En su reunión general celebrada en Los Ángeles en junio de 2006, los obispos estadounidenses votaron a favor de continuar con la colecta nacional anual de la Iglesia para religiosas jubiladas. Al solicitar la extensión, el Arzobispo Jerome Hanus, OSB, de Dubuque, presidente del comité de vida consagrada de los obispos, calificó el Fondo de Jubilación para Apelaciones Religiosas como “la recaudación más exitosa en la historia de la Iglesia en los Estados Unidos”. Desde su creación en 1988, ha recaudado casi 500 millones de dólares. Claramente la difícil situación de las hermanas ha “tocado los corazones de nuestros laicos”, dijo el arzobispo.

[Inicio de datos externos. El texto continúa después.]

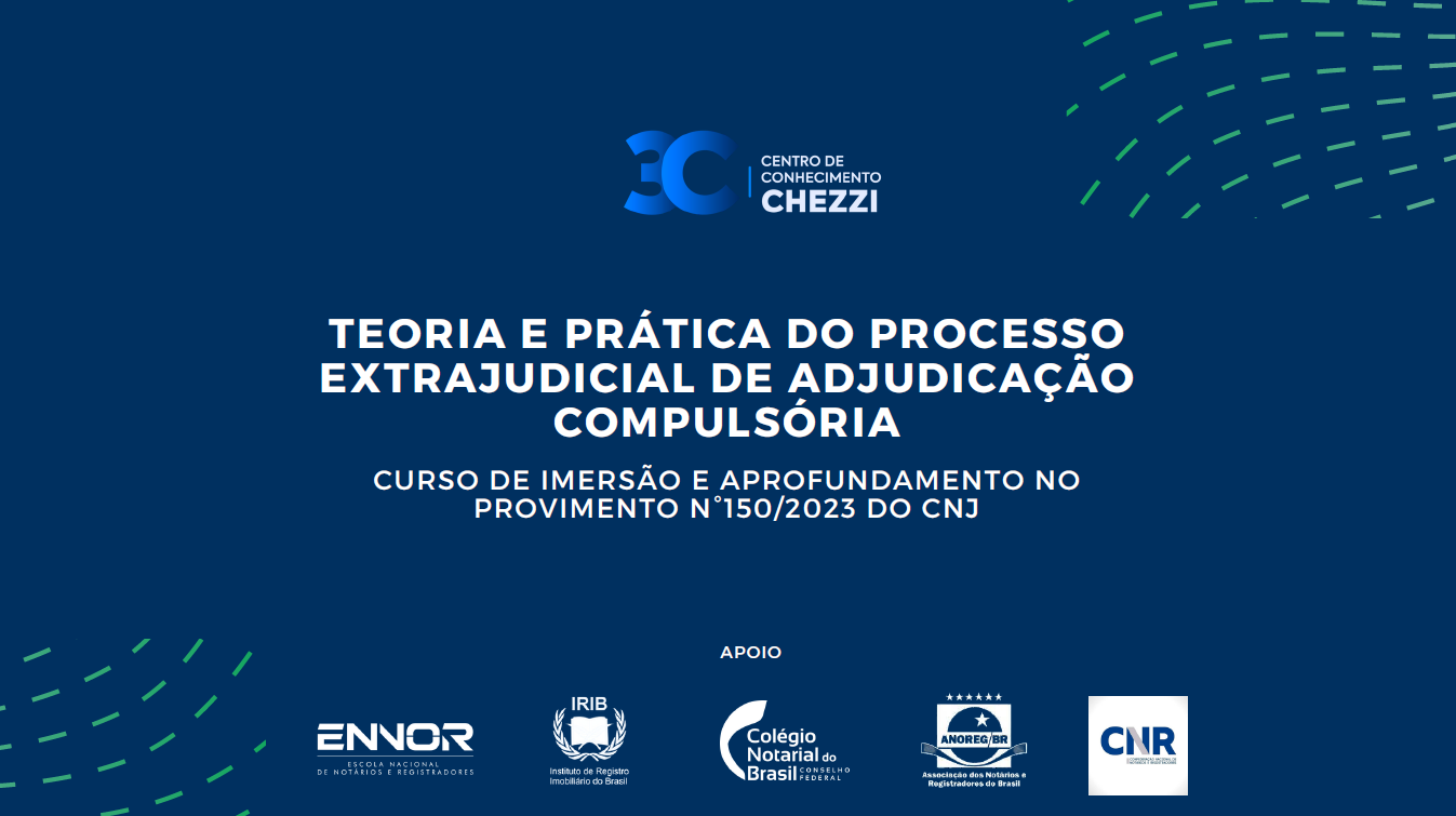A 3C, Escola de Cursos de Aprofundamento em temas do Direito Registral Imobiliário, inicia hoje, 29/09/2023, o pré-lançamento do Curso de Imersão e Aprofundamento no Provimento CN-CNJ n. 150/2023, coordenado pelo especialista em prática notarial e registral Professor Bernardo Chezzi, que também é membro do Conselho Consultivo da Corregedoria Nacional de Justiça do Conselho Nacional de Justiça (CN-CNJ), tendo sido o Relator dos estudos e da proposta de regulamentação da Adjudicação Compulsória Extrajudicial. As vagas são limitadas e os associados ao Instituto de Registro Imobiliário do Brasil (IRIB) têm 20% de desconto e podem garantir sua vaga ainda no pré-lançamento, no site Eduzz!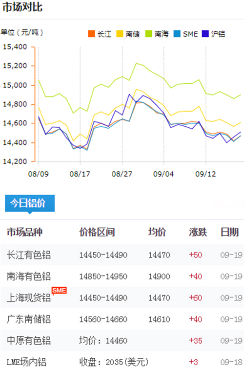 鋁錠價格今日鋁價2018-9-19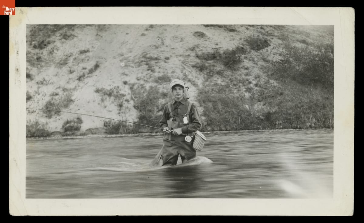 Edsel Ford was photographed while fly fishing about 1915. One of his personal highlights that year was the cross-country road trip he took with six of his friends. Ford and his companions trekked 2,400 miles from Detroit to San Francisco, traveling in a Ford Model T, a Cadillac and a Stutz.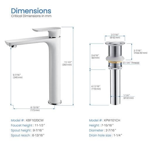 KIBI Tender-T Single Handle White Solid Brass Bathroom Vessel Sink Faucet With Chrome Pop-Up Drain Stopper Small Cover Without Overflow

De hecho, todo el mundo está conmovido por la situación de estas ancianas, cuyas necesidades de jubilación estuvieron muy subfinanciadas durante años con la creencia de que siempre habría suficientes recién llegados para mantener a las hermanas mayores. Muchos ahora se encuentran en comunidades religiosas que parecen abocadas a la extinción, con pocos o inexistentes recién llegados y una edad promedio de alrededor de setenta años.
Mucha gente se pregunta cómo surgió esta situación. ¿A qué se debe un cambio tan desastroso en tan poco tiempo? ¿De quien es la culpa?
Hay dos explicaciones contrapuestas, resumidas en dos libros de periodistas experimentados: Double Crossed: Uncovering the Catholic Church's Betrayal of American Nuns (Doubleday, 2006) de Kenneth A. Briggs, ex editor de religión del New York Timesy Hermanas en crisis: el trágico desmoronamiento de las comunidades religiosas de mujeres (Nuestro visitante dominical, 1997) por Ann Carey, un veterano escritor de la prensa católica. Sus subtítulos indican el enorme abismo que los separa.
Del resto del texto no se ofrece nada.